**Dataset section:**
- Opening Delimiter -

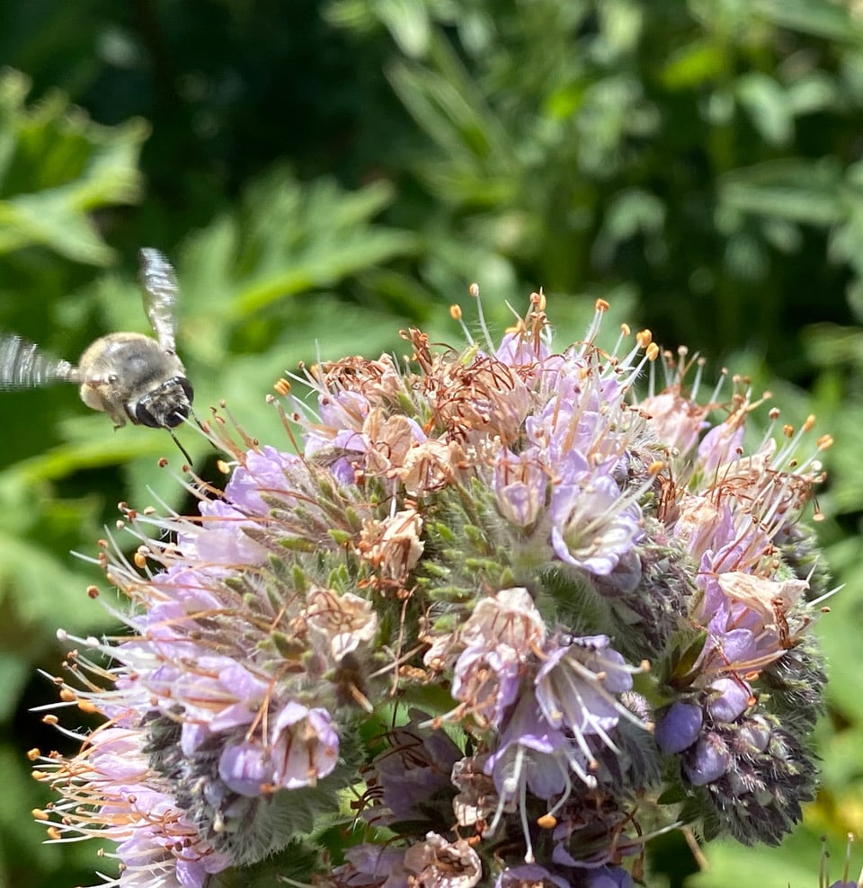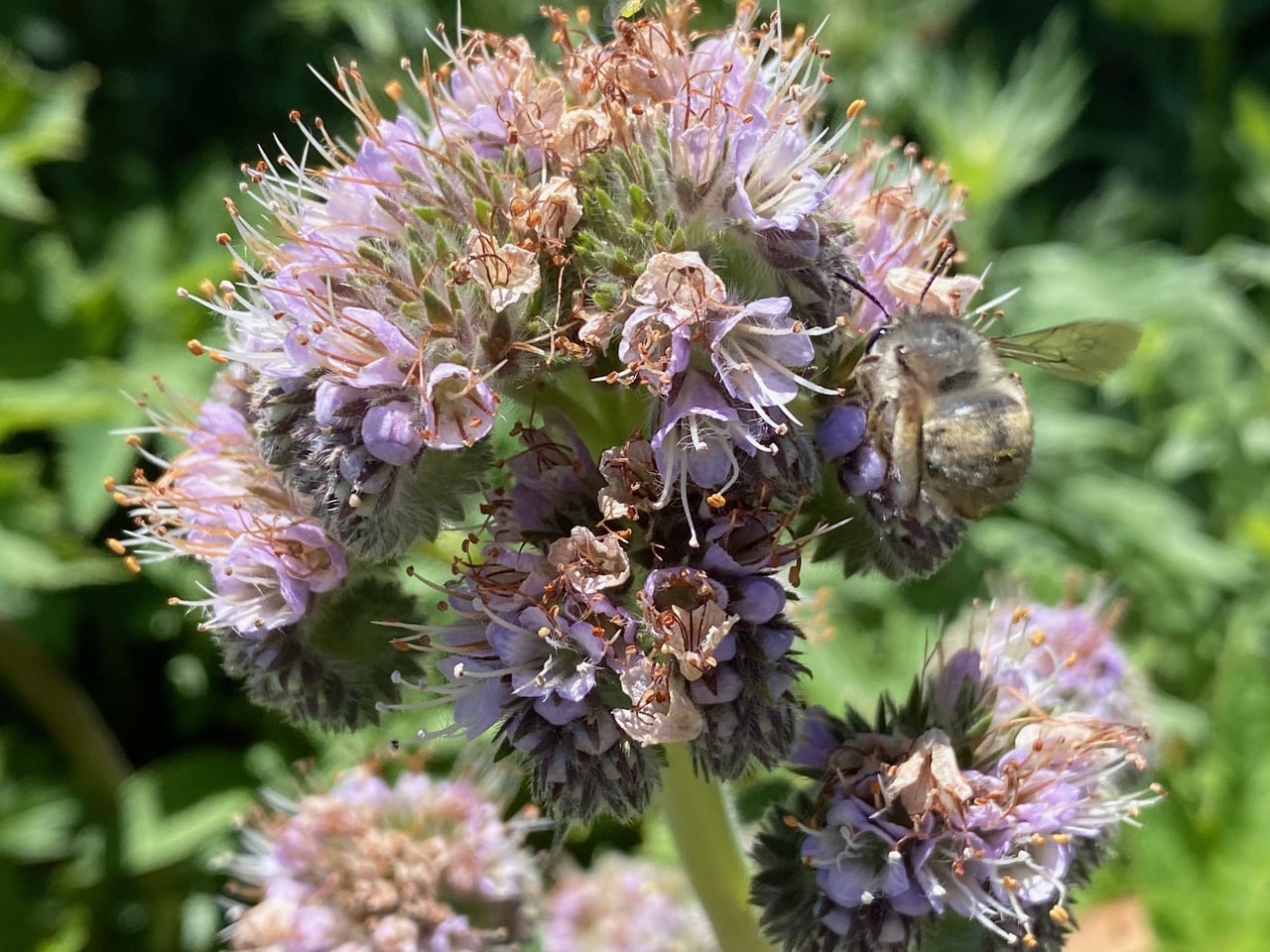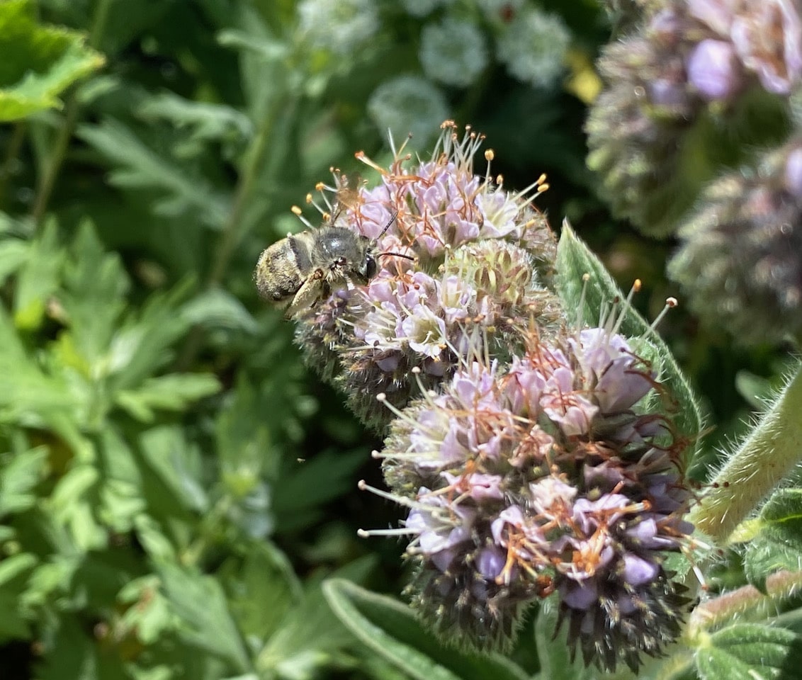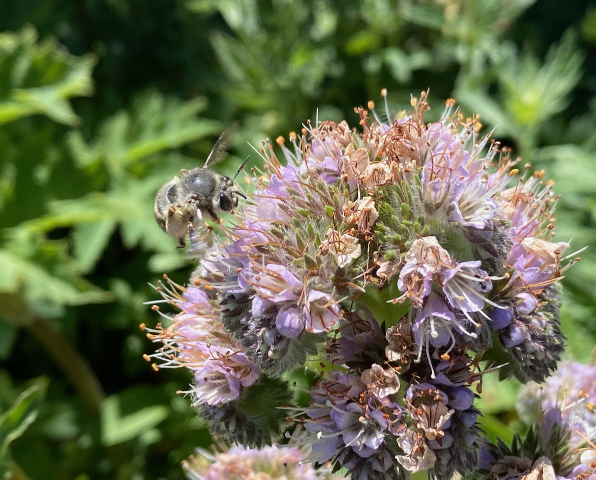 Hey, there’s a new bee in the garden! Fast and furious, it buzzes around the inflorescences of California Phacelia, Phacelia californica. Built like a bumble bee, it is chuncky, but is a plain gray-brown all over. It is a female, as she is carrying pollen on the scopae of her hind legs.
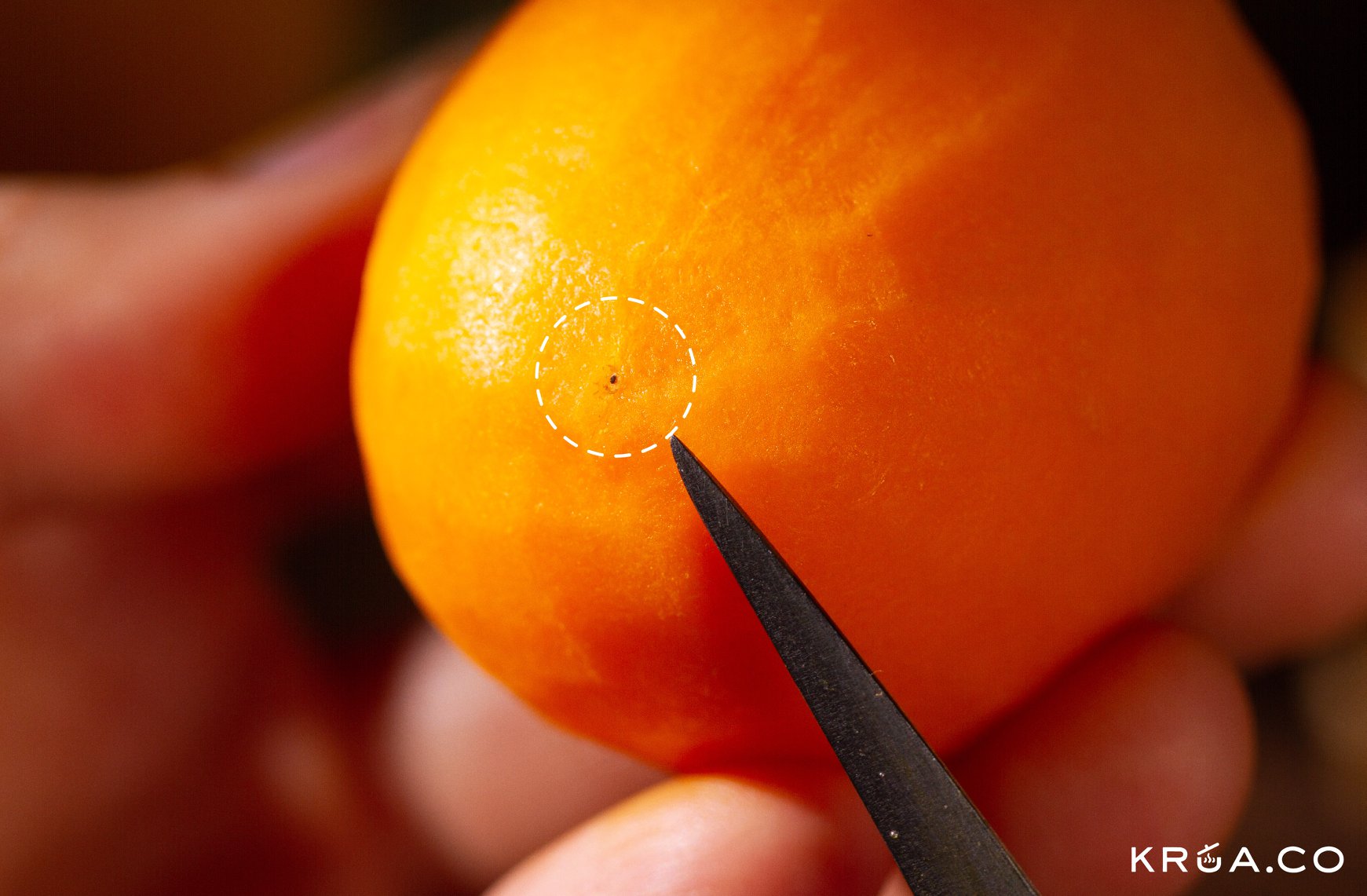 4) หลังจากนั้นค่อยๆ ดันมีดเข้าไปตามรอยที่ลากเส้นวงกลมไว้ โดยพยายามให้มีดแนบกับเม็ดมะยงชิดมากที่สุด ให้รู้สึกว่าปลายมีดอยู่ที่ประมาณครึ่งหนึ่งของผลมะยงชิดแล้วดึงมีดออก
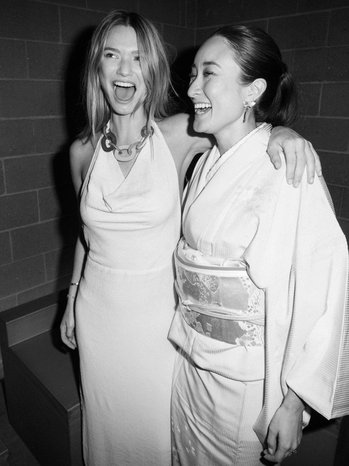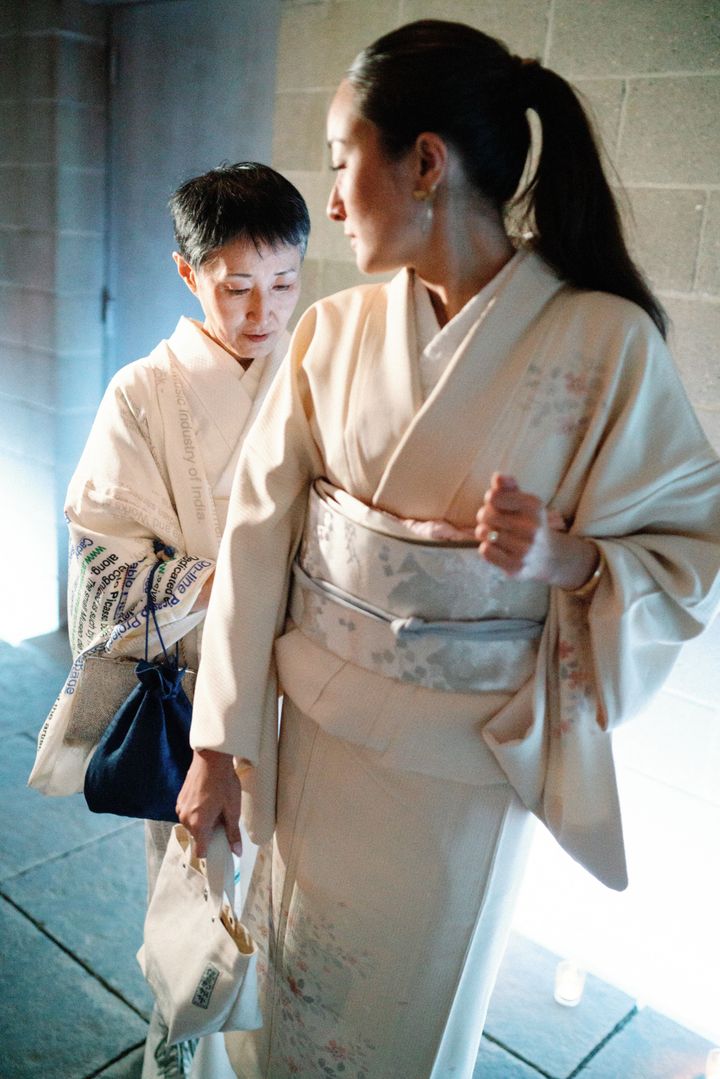 その後、ニケユは母親が日本から持ってきた着物に着替えた。「ほとんどの人は、伝統的な着物が、これほどまでに何層にもなっている、複雑な構造のものだということを知らないと思います。ふたりのメイド・オブ・オナーに着付けを体験してもらいたかったので、母を手伝ってもらいました。カオスで、自分のパーティーに遅刻してしまったんですけれど、ウエディング全体を通して、一番思い出に残る出来事のひとつでした」と冗談めかして語った。
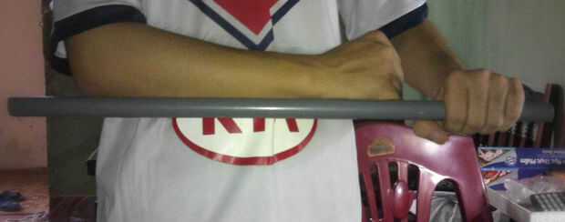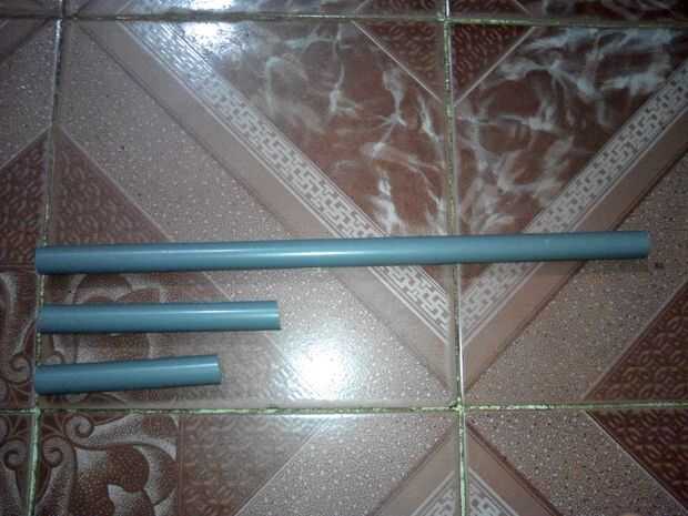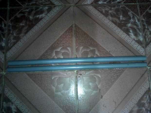 Para elegir la longitud de su deseo que su brazo, recomiendo total longitud de la tonfa es 2/3 de la longitud de la pierna. Elija dónde cortar el tubo: es debe ser más que una longitud de mano por el extremo corto y casi una longitud de la mano de extremo largo a su codo. Extremo corto es un poco más largo que el mango.

- Closing Delimiter -

**Activity:** Return the data above unchanged. Pictures are not part of the copy.

**Solution for this problem:**
 Hey, there’s a new bee in the garden! Fast and furious, it buzzes around the inflorescences of California Phacelia, Phacelia californica. Built like a bumble bee, it is chuncky, but is a plain gray-brown all over. It is a female, as she is carrying pollen on the scopae of her hind legs.
 4) หลังจากนั้นค่อยๆ ดันมีดเข้าไปตามรอยที่ลากเส้นวงกลมไว้ โดยพยายามให้มีดแนบกับเม็ดมะยงชิดมากที่สุด ให้รู้สึกว่าปลายมีดอยู่ที่ประมาณครึ่งหนึ่งของผลมะยงชิดแล้วดึงมีดออก
 その後、ニケユは母親が日本から持ってきた着物に着替えた。「ほとんどの人は、伝統的な着物が、これほどまでに何層にもなっている、複雑な構造のものだということを知らないと思います。ふたりのメイド・オブ・オナーに着付けを体験してもらいたかったので、母を手伝ってもらいました。カオスで、自分のパーティーに遅刻してしまったんですけれど、ウエディング全体を通して、一番思い出に残る出来事のひとつでした」と冗談めかして語った。
 Para elegir la longitud de su deseo que su brazo, recomiendo total longitud de la tonfa es 2/3 de la longitud de la pierna. Elija dónde cortar el tubo: es debe ser más que una longitud de mano por el extremo corto y casi una longitud de la mano de extremo largo a su codo. Extremo corto es un poco más largo que el mango.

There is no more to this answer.